= 2013 European Athletics Indoor Championships – Women's 1500 metres =

The women's 1500 metres event at the 2013 European Athletics Indoor Championships was held on March 1, 2013, at 19:05 (round 1), and March 2, 18:05 (final) local time.

==Records==

Standing records prior to the 2013 European Athletics Indoor Championships
| World record | Yelena Soboleva (RUS) | 3:58.28 | Moscow, Russia | 18 February 2006 |
European record
| Championship record | Doina Melinte (ROU) | 4:02.54 | Piraeus, Greece | 3 March 1985 |
| World Leading | Abeba Aregawi (SWE) | 3:58.40 | Stockholm, Sweden | 21 February 2013 |
European Leading

== Results ==

===Round 1===
Qualification: First 2 (Q) or and the 3 fastest athletes (q) advanced to the final.

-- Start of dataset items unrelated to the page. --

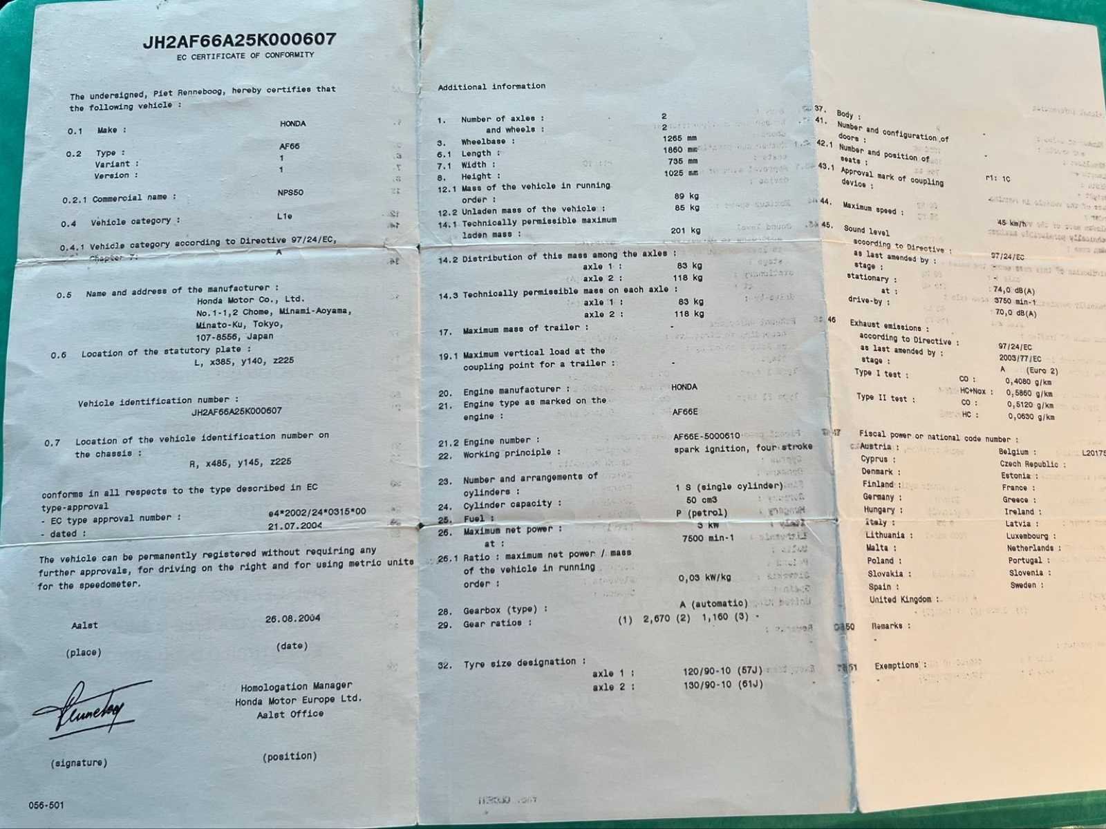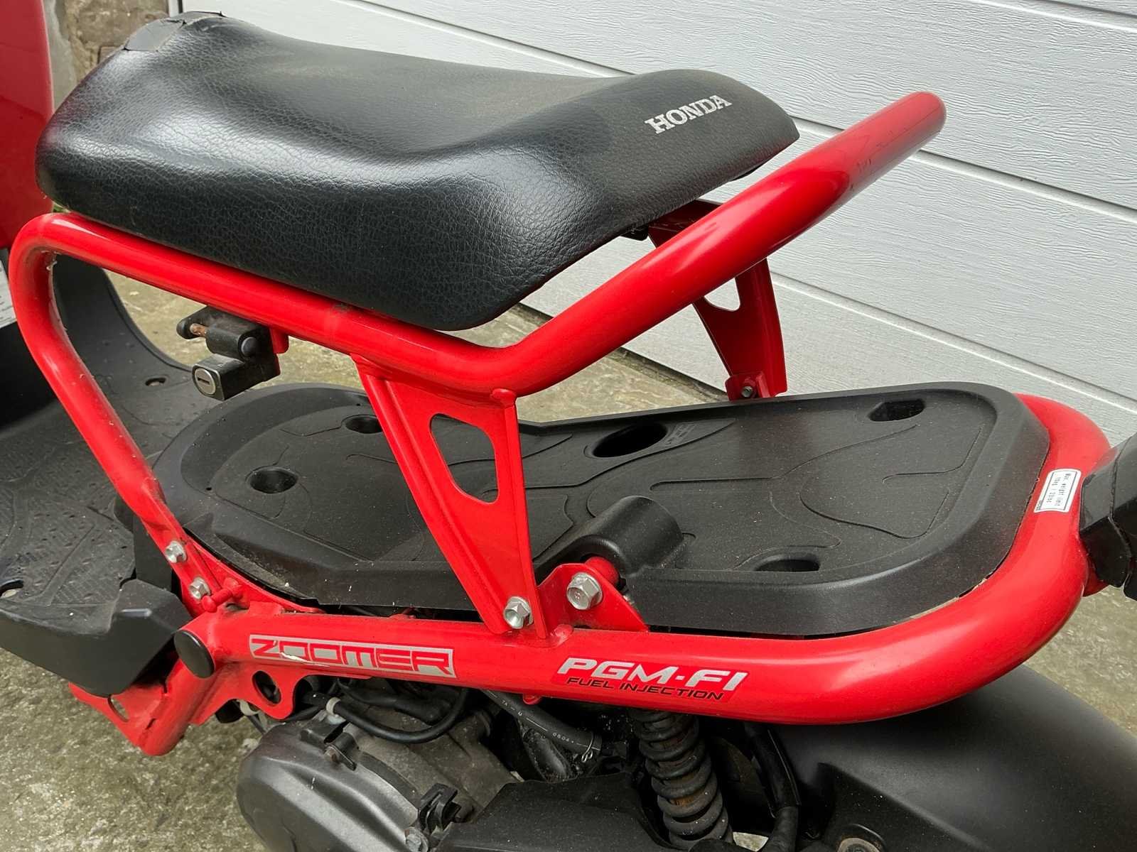 Honda Zoomer / Ruckus bromscooter in opvallende rood-zwarte uitvoering, herkenbaar aan het open buizenframe, de dubbele ronde koplampen en het robuuste, functionele ontwerp. Volgens het voorgelegde gelijkvormigheidsattest betreft het een Honda NPS50 met voertuigidentificatienummer JH2AF66A25K000607. Op de kilometerteller staat een afgelezen stand van 12.361 km. Dit exemplaar presenteert zich als een compacte en karaktervolle scooter met een zeer herkenbare uitstraling. De scooter is uitgerust met bagagedrager vooraan, open frameconstructie, zwarte kunststof delen, automatische transmissie en brede banden. De rode frame- en kuipdelen geven het voertuig een sportieve look. Het model is populair door zijn eigenzinnige vormgeving en praktische inzetbaarheid, zowel voor verzamelaars van iconische scooters als voor liefhebbers van compacte stadsvoertuigen. Op basis van de foto’s zijn gebruiks- en ouderdomssporen zichtbaar, waaronder krassen, slijtage en verwering op diverse onderdelen. De buddyseat vertoont duidelijke beschadiging aan de bekleding. Ook op kunststof delen, uitlaat, carterdeksel, standaard en overige afwerking zijn sporen van gebruik, oxidatie en slijtage waarneembaar. De banden tonen normaal gebruik; de staat en geschiktheid voor verder gebruik dienen door de koper zelf beoordeeld te worden. Er is documentatie aanwezig in de vorm van een EC Certificate of Conformity. Dit maakt het lot extra interessant voor kandidaat-kopers die op zoek zijn naar een markant Honda-model met documentatie. No Merk: Honda Model: Zoomer NPS50 Chassisnummer: JH2AF66A25K000607 Datum eerste toelating: 26/08/2004 Kleur: Rood Bouwjaar: 2004 Afgelezen kilometerstand: 12361km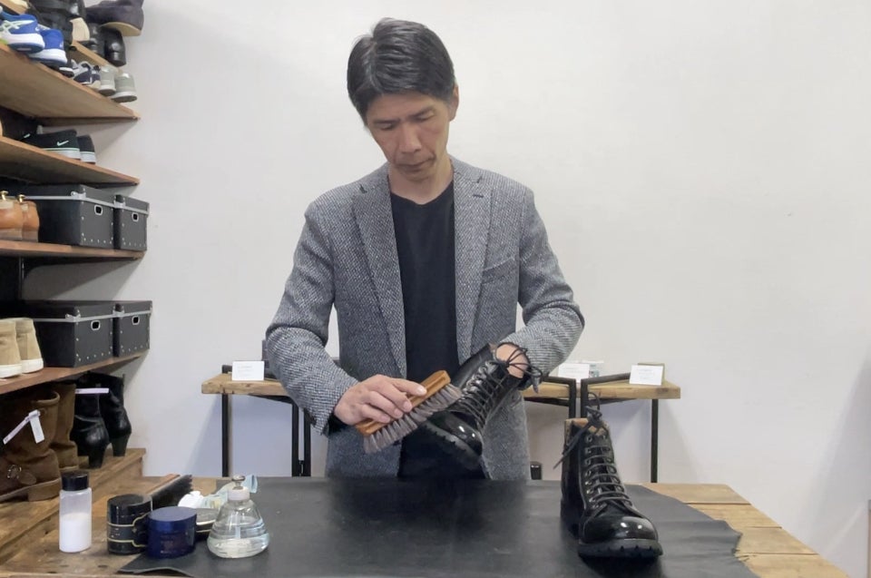 それから20年。革について独学で学びながら、海外にも勉強しに行ったりするなど知識を深め、今では国内にあるケア用品メーカー様方と情報交換しながら靴磨きサービスを提供しています。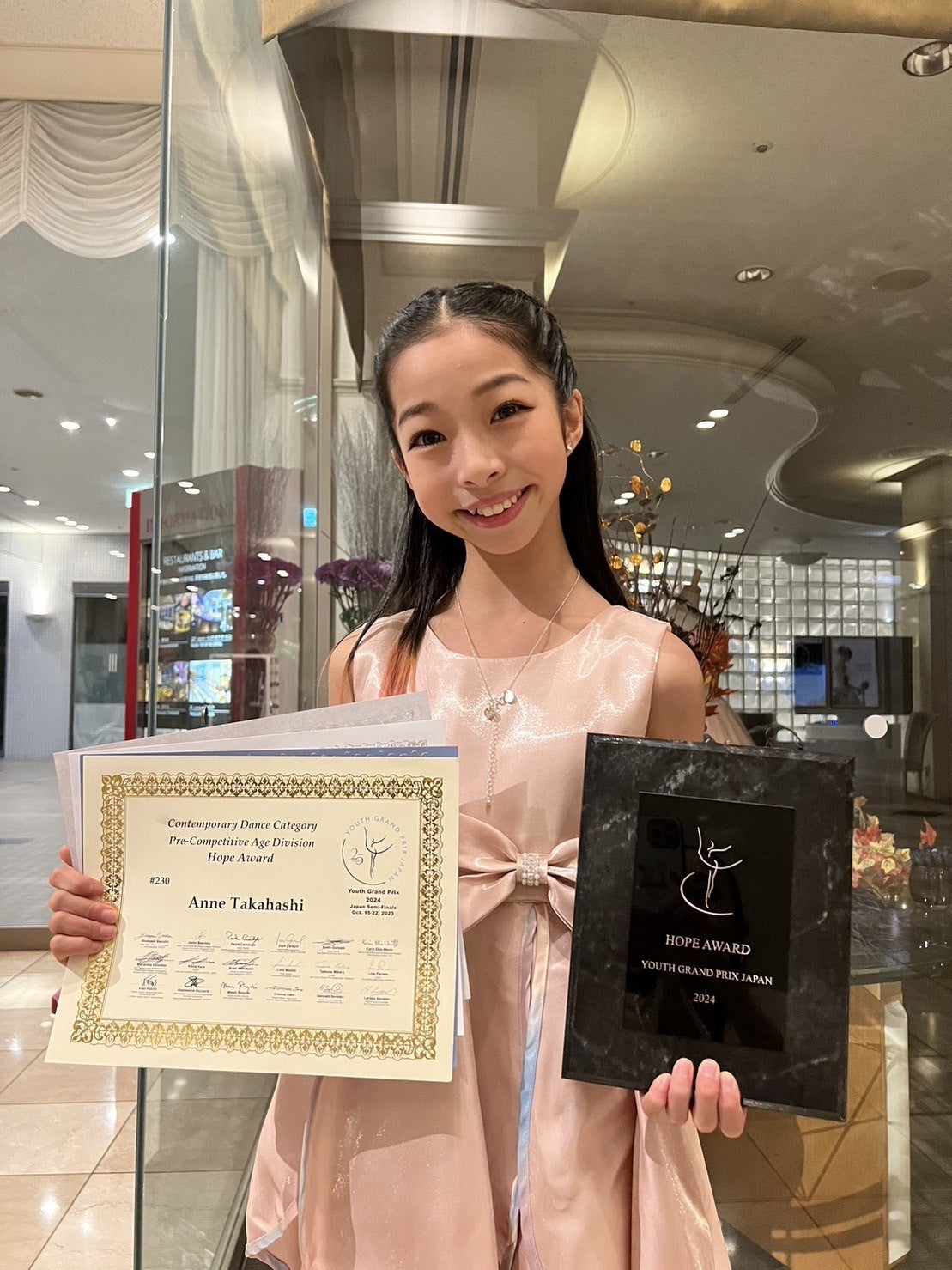 10歳で挑戦した2回目のユースグランプリではクラシック1位、コンテンポラリー1位という成績を残すも、最優秀賞であるホープ・アワードを逃した事が悔しくて大粒の涙を流していました。涙する杏を抱きしめてくれ、たくさん励ましてくださったのがYAGP創設者であるラリッサ先生、そしてスカラシップを担当していらっしゃる川西さん、世界中から集まってくれていた審査員の先生方でした。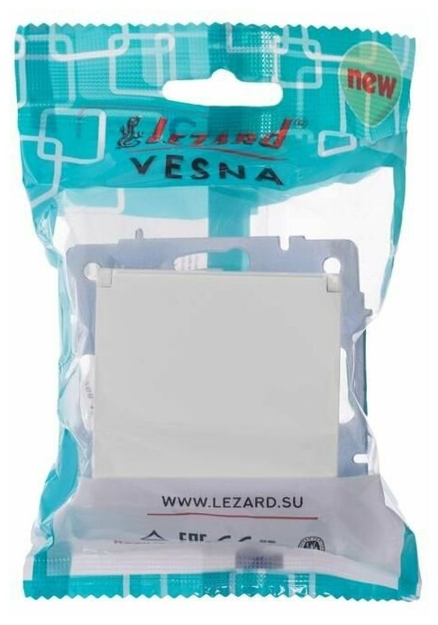 Розетка Lezard Vesna с заземлением с крышкой цвет белый
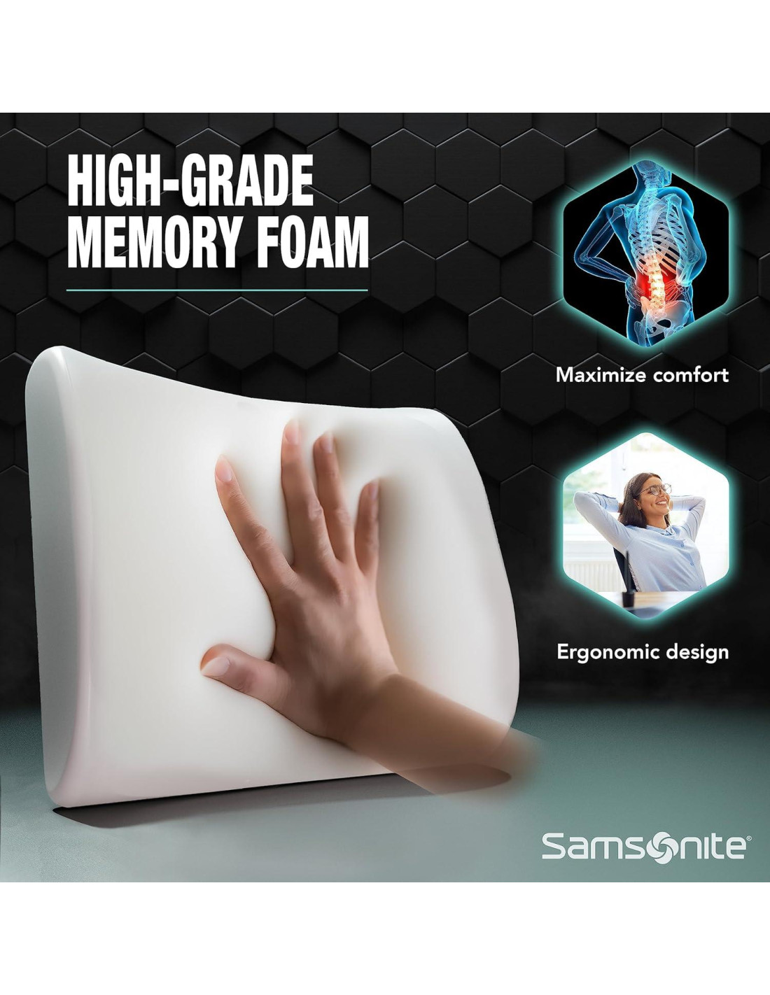Comodidad superior A diferencia de algunas almohadas que se aplanan con el tiempo, el cojín de soporte lumbar de Samsonite permanecerá y nunca se aplanará gracias a su estructura de espuma de memoria de alta densidad. Al adjuntarlo a la silla elegida, estás proporcionando soporte adicional a la parte baja de tu espalda para ayudar a aliviar cualquier incomodidad. Las horas pasadas sentado en un escritorio pueden afectar negativamente nuestra postura, por lo que al usar el cojín de soporte estás creando una experiencia ergonómica que proporcionará comodidad al adaptarse a la forma de tu espalda. Súper fácil de usar Midiendo 13.5 inches x 14 inches x 4.5 inches (34,29 cm x 35,56 cm x 11,43 cm), el cojín de soporte lumbar cuenta con una correa ajustable integrada que permite un ajuste fácil y seguro a la mayoría de las sillas, incluyendo sillas de oficina giratorias, asientos de coche, asientos de camión, sillas de comedor, asientos de avión y más, así como sillas de ruedas. La conveniente hebilla deslizante posicionada en la correa se puede ajustar fácilmente para lograr el ajuste perfecto. Solo toma un momento preparar tu cojín para una experiencia de asiento más cómoda. COMPRA AHORA y apoya tu parte baja de la espalda durante todo el día con la almohada de soporte lumbar de Samsonite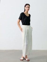Crafted from premium soft fabric, this versatile V-neck short-sleeve top combines timeless elegance with everyday comfort. The relaxed fit and subtle pleated neckline add a feminine touch, while the sleek black color effortlessly complements any outfit. Paired with crisp white trousers in the showcase, it epitomizes modern minimalist style.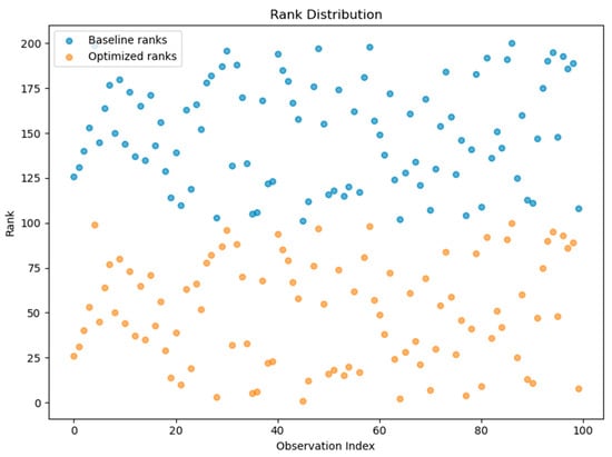 In Figure 6, all optimized runs (orange) achieved lower ranks (lower energy consumption) than all baseline runs (blue) when ranked together (n = 200 total observations), demonstrating perfect optimization effectiveness. Specifically, the MA demonstrated an average power reduction of approximately 485.64 kW, corresponding directly to the previously reported average savings.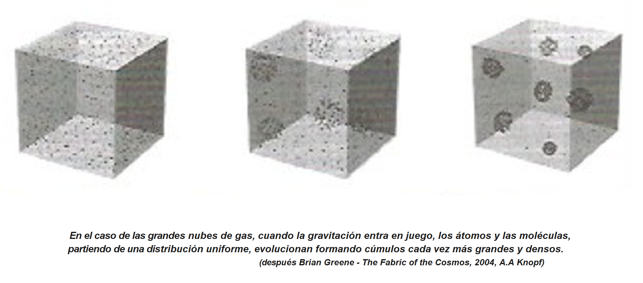 Pero estas moléculas másicas se atraen por la gravitación, de modo que pueden agruparse en cúmulos organizados causando una disminución local de la entropía compensada en gran parte por la disipación de energía produciendo un aumento global de la entropía en Universo.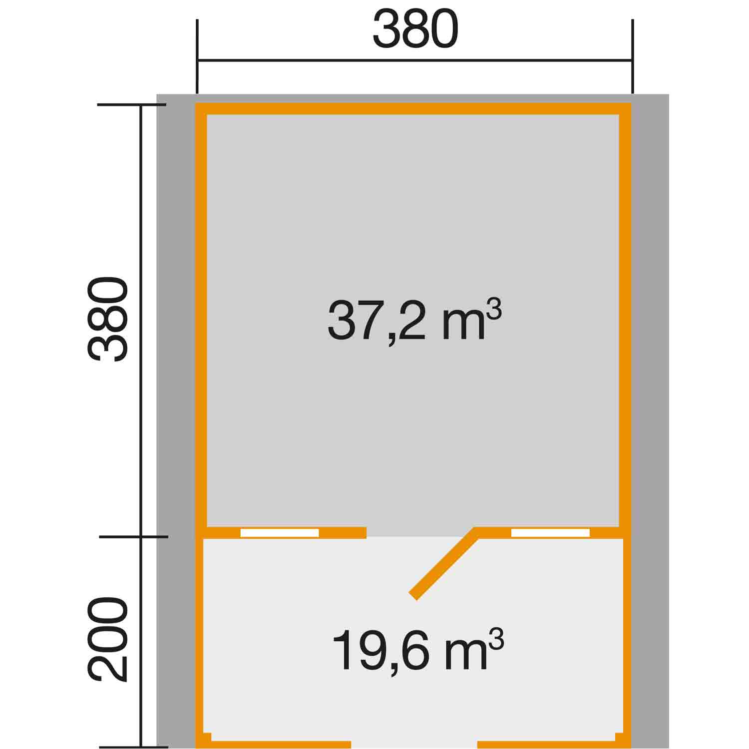 • Sockelmaß in cm: B 380 x T 580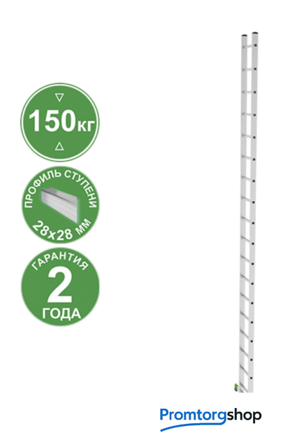 | Тип | приставная лестница. Усиленная лестница для универсального использования снаружи и внутри помещений. Ширина секции: 340 мм. Профиль стоек: 71×23 мм. Увеличенные рифлёные перекладины 28×28 мм для надёжного сцепления. Наконечники стоек из прочного пластика сверху и снизу лестницы. Широкая опорная траверса стабилизирует конструкцию. Вальцовочное крепление перекладин. По прочности не уступает сварке. Башмаки траверсы из 2х-компонентного пластика с прорезиненной опорой. Не скользят и не повреждают поверхность. |
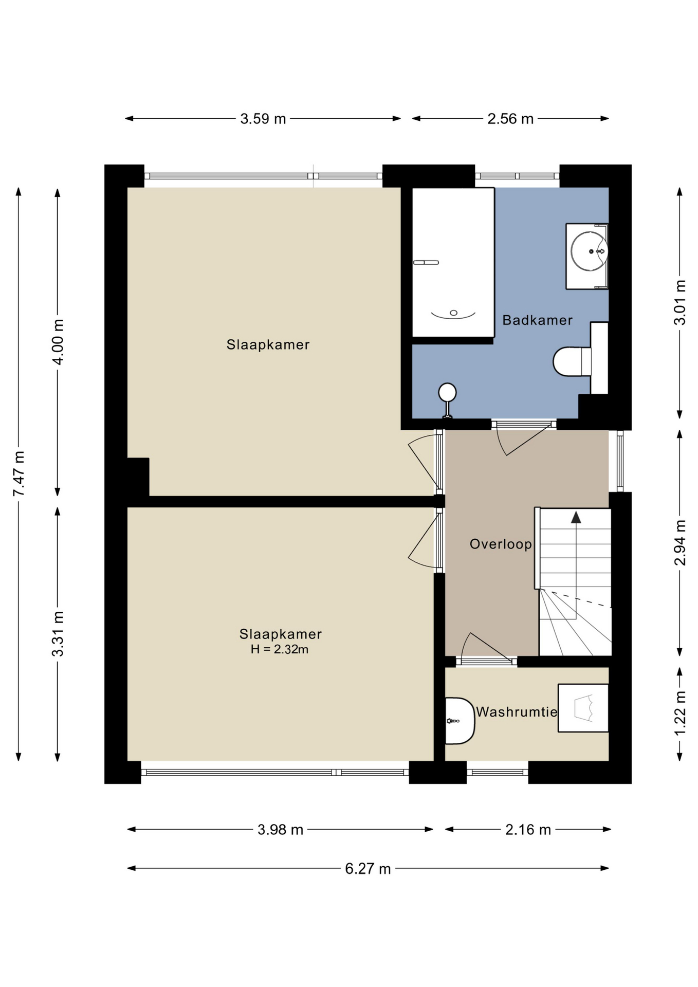 Overloop met toegang tot de badkamer, waskamer en twee (slaap)kamers. De twee (slaap)kamers zijn ruim qua formaat en zijn gesitueerd aan de voor- en achterzijde van de woning. De badkamer is basic maar heeft een douche, ligbad tweede toilet en wastafel.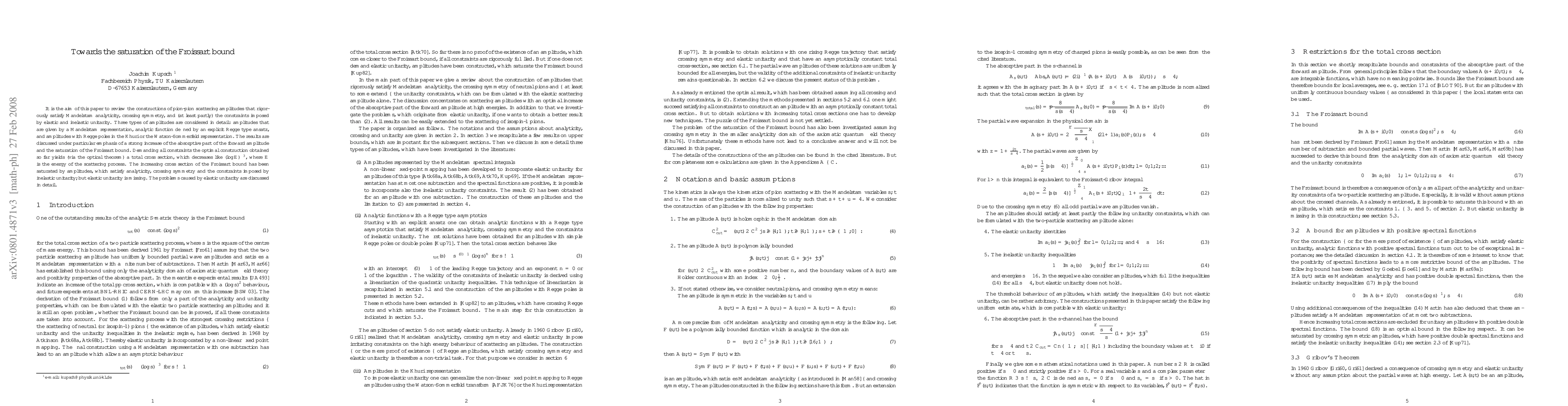 This paper presents constructions of amplitudes that meet Mandelstam analyticity, crossing symmetry, and unitarity constraints, highlighting a significant increase in the absorptive part of the forward amplitude and the saturation of the Froissart bound.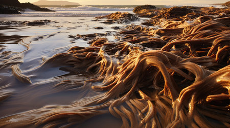 AI Generated. Closeup of yellow seaweed in the water on the ocean shore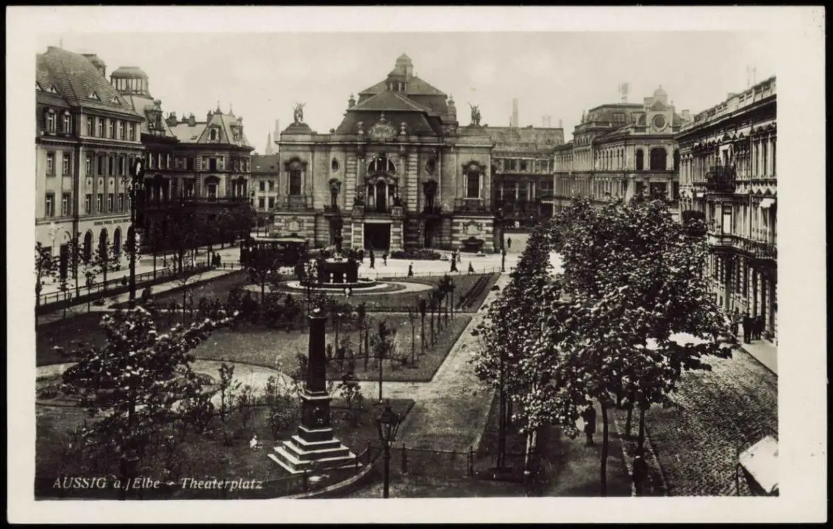 Postcard Aussig Ústí nad Labem (Ustji, Ustjiss) Theaterplatz 1932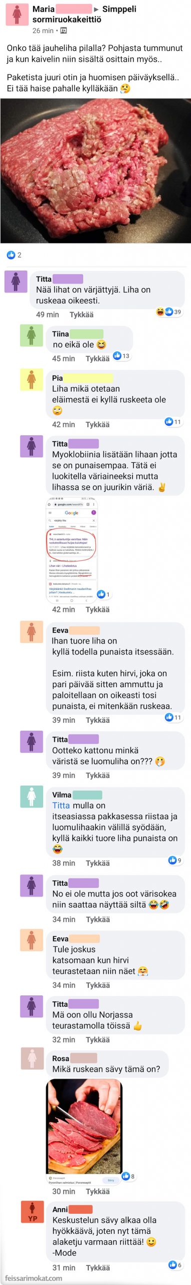 Simppeli sormiruokakeittiö -nimisessä Facebook-ryhmässä keskusteltiin lihan oikeasta väristä. Titta kertoi, että liha on oikeasti ruskeaa, mutta ruokateollisuus lisää siihen myoklobiinia, jotta tuote näyttäisi houkuttelevammalta kuluttajalle.

| Rank | Heat | Athlete | Nationality | Time | Note |
|---|---|---|---|---|---|
| 1 | 2 | Abeba Aregawi | Sweden | 4:11.38 | Q |
| 2 | 1 | Natalia Rodríguez | Spain | 4:12.25 | Q |
| 3 | 1 | Laura Muir | Great Britain | 4:12.36 | Q |
| 4 | 2 | Natallia Kareiva | Belarus | 4:12.41 | Q |
| 4 | 2 | Svetlana Podosenova | Russia | 4:12.41 | q |
| 5 | 1 | Yelena Soboleva | Russia | 4:12.61 | q |
| 6 | 1 | Giulia Viola | Italy | 4:13.80 | q, PB |
| 7 | 2 | Angelika Cichocka | Poland | 4:14.00 |  |
| 8 | 3 | Isabel Macías | Spain | 4:14.72 | Q |
| 9 | 3 | Katarzyna Broniatowska | Poland | 4:14.78 | Q |
| 10 | 3 | Anna Shchagina | Russia | 4:14.89 |  |
| 11 | 1 | Poļina Jeļizarova | Latvia | 4:15.10 | NR |
| 12 | 3 | Claire Tarplee | Ireland | 4:15.16 |  |
| 13 | 1 | Danuta Urbanik | Poland | 4:15.29 |  |
| 14 | 2 | Margherita Magnani | Italy | 4:15.85 |  |
| 15 | 3 | Diana Sujew | Germany | 4:17.27 |  |
| 16 | 2 | Silvia Danekova | Bulgaria | 4:17.62 |  |
| 17 | 2 | Elina Sujew | Germany | 4:17.81 |  |
| 18 | 3 | Charlotte Schönbeck | Sweden | 4:18.52 |  |
| 19 | 1 | Maruša Mišmaš | Slovenia | 4:27.45 |  |

===Final===
The final was held at 18:05.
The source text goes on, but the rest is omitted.